A faithful copy of the entries is needed, one that leaves out the pictures.

→ Material for the task
== == ==

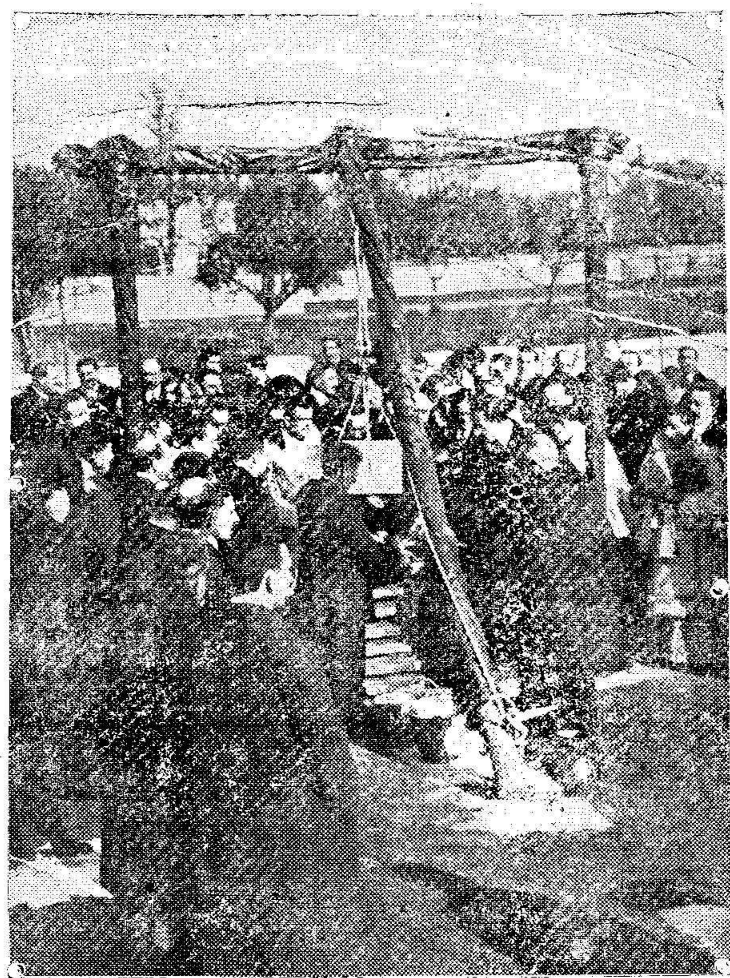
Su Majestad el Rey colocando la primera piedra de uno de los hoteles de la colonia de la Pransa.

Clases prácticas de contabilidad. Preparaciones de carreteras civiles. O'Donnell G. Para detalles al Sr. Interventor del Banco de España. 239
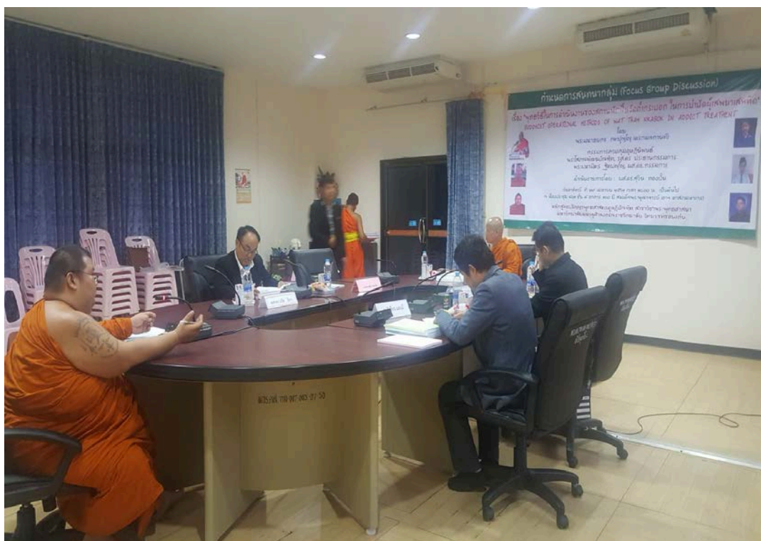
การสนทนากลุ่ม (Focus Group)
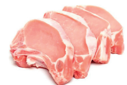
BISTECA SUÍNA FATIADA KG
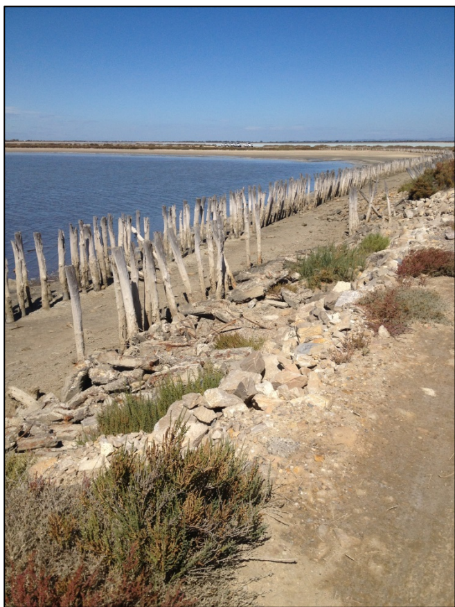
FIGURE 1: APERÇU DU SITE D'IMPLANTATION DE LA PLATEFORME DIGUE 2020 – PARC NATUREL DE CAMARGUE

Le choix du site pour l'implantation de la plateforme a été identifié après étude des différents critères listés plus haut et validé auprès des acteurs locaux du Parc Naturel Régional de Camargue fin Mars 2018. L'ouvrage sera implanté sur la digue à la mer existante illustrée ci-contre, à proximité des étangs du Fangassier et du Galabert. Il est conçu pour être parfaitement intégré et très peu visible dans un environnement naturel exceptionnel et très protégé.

== == ==

→ Result for this task
Su Majestad el Rey colocando la primera piedra de uno de los hoteles de la colonia de la Pransa.

Clases prácticas de contabilidad. Preparaciones de carreteras civiles. O'Donnell G. Para detalles al Sr. Interventor del Banco de España. 239
การสนทนากลุ่ม (Focus Group)
BISTECA SUÍNA FATIADA KG
FIGURE 1: APERÇU DU SITE D'IMPLANTATION DE LA PLATEFORME DIGUE 2020 – PARC NATUREL DE CAMARGUE

Le choix du site pour l'implantation de la plateforme a été identifié après étude des différents critères listés plus haut et validé auprès des acteurs locaux du Parc Naturel Régional de Camargue fin Mars 2018. L'ouvrage sera implanté sur la digue à la mer existante illustrée ci-contre, à proximité des étangs du Fangassier et du Galabert. Il est conçu pour être parfaitement intégré et très peu visible dans un environnement naturel exceptionnel et très protégé.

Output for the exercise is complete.